> Data under study
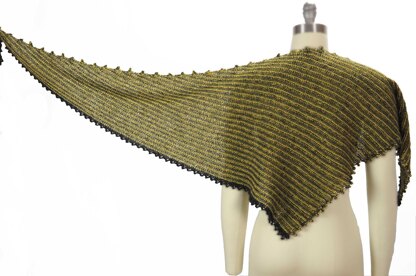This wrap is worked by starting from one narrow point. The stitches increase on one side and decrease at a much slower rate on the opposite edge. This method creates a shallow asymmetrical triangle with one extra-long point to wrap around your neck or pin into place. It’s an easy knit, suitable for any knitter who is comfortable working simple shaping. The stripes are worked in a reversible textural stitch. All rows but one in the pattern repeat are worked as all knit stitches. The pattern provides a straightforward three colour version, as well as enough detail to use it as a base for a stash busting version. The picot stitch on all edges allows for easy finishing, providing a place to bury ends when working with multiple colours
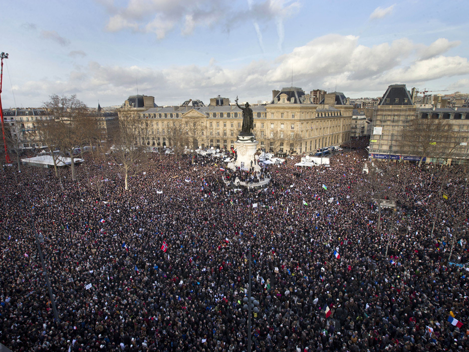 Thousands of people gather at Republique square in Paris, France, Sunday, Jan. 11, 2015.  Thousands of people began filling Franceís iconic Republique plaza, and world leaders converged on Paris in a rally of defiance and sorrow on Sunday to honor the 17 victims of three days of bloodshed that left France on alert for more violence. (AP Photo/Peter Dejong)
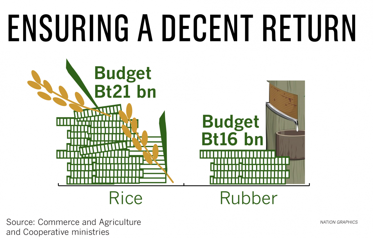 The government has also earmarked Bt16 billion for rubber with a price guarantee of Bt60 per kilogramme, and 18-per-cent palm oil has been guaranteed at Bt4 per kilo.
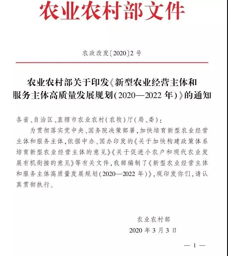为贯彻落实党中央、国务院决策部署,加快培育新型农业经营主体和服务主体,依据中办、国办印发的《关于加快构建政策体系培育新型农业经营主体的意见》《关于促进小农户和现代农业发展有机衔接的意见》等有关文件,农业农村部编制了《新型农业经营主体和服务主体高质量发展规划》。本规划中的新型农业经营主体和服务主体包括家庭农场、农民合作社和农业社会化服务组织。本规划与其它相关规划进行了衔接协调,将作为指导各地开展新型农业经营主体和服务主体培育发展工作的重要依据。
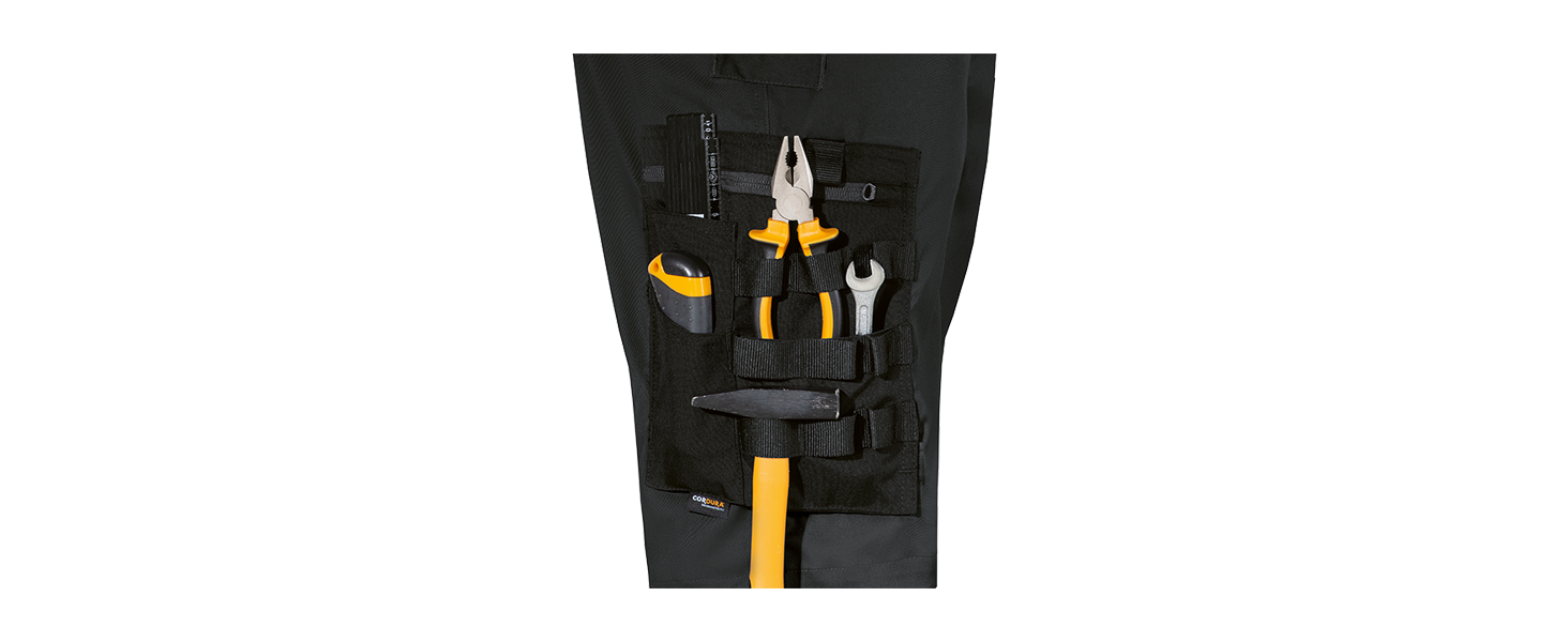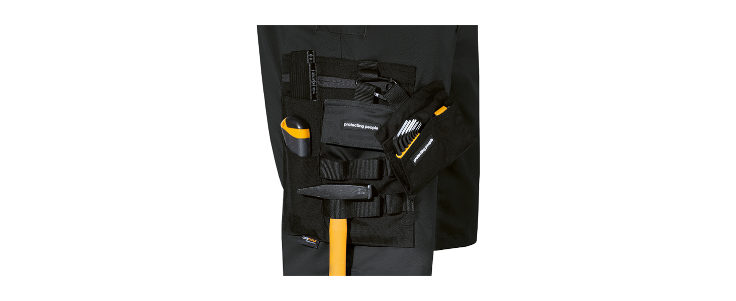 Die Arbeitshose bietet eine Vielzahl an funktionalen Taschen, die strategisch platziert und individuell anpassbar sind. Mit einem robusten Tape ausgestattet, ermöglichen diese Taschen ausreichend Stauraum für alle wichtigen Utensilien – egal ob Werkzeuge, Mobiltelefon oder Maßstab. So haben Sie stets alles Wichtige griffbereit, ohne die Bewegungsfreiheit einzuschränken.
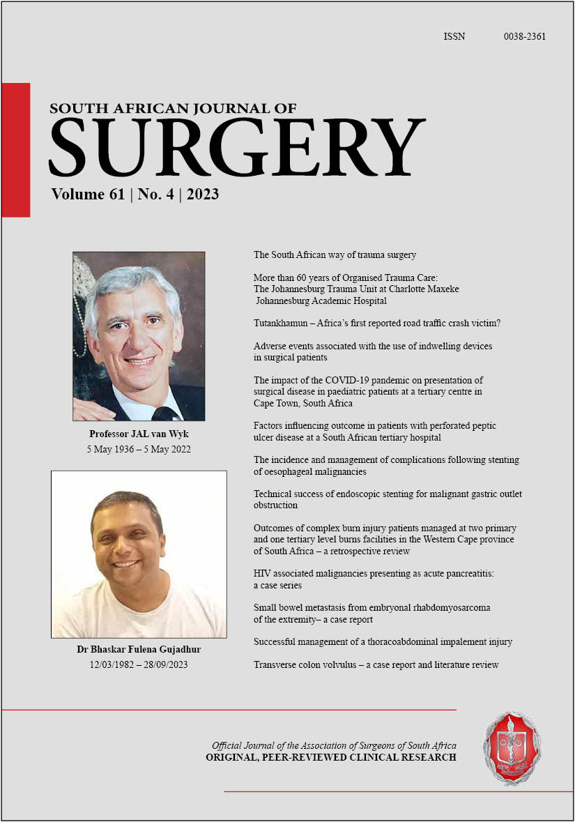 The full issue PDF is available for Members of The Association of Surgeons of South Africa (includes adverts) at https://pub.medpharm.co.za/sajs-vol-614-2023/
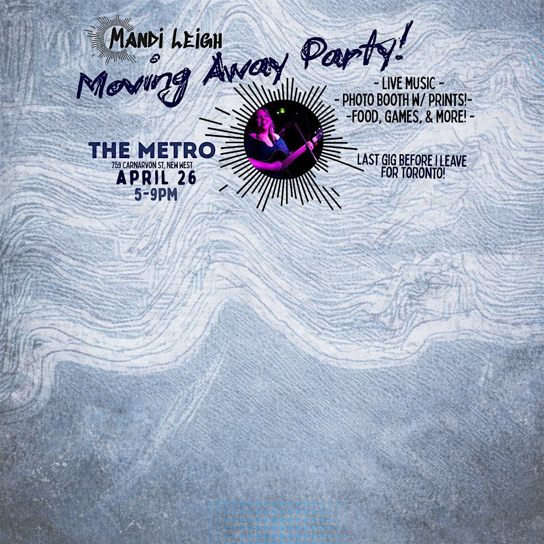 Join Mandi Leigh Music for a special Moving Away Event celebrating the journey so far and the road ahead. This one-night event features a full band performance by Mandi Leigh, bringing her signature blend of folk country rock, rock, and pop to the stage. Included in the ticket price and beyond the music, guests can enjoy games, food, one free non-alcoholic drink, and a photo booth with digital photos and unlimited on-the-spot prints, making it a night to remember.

--

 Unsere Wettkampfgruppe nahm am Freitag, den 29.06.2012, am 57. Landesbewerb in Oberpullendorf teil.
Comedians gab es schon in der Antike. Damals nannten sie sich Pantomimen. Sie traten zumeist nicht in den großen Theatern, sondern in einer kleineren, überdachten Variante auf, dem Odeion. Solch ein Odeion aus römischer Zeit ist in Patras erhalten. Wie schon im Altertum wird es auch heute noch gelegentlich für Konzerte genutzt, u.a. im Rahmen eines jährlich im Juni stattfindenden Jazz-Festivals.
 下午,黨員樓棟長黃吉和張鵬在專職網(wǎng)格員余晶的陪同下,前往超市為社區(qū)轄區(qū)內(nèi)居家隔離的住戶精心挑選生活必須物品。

> Work order
Please repeat the lines of the material above exactly, starting with the line that contains "为贯彻落实党中央、国务院决策" and ending with the line that contains "Join Mandi Leigh". Leave the pictures out.

> Result below
为贯彻落实党中央、国务院决策部署,加快培育新型农业经营主体和服务主体,依据中办、国办印发的《关于加快构建政策体系培育新型农业经营主体的意见》《关于促进小农户和现代农业发展有机衔接的意见》等有关文件,农业农村部编制了《新型农业经营主体和服务主体高质量发展规划》。本规划中的新型农业经营主体和服务主体包括家庭农场、农民合作社和农业社会化服务组织。本规划与其它相关规划进行了衔接协调,将作为指导各地开展新型农业经营主体和服务主体培育发展工作的重要依据。
 Die Arbeitshose bietet eine Vielzahl an funktionalen Taschen, die strategisch platziert und individuell anpassbar sind. Mit einem robusten Tape ausgestattet, ermöglichen diese Taschen ausreichend Stauraum für alle wichtigen Utensilien – egal ob Werkzeuge, Mobiltelefon oder Maßstab. So haben Sie stets alles Wichtige griffbereit, ohne die Bewegungsfreiheit einzuschränken.
 The full issue PDF is available for Members of The Association of Surgeons of South Africa (includes adverts) at https://pub.medpharm.co.za/sajs-vol-614-2023/
 Join Mandi Leigh Music for a special Moving Away Event celebrating the journey so far and the road ahead. This one-night event features a full band performance by Mandi Leigh, bringing her signature blend of folk country rock, rock, and pop to the stage. Included in the ticket price and beyond the music, guests can enjoy games, food, one free non-alcoholic drink, and a photo booth with digital photos and unlimited on-the-spot prints, making it a night to remember.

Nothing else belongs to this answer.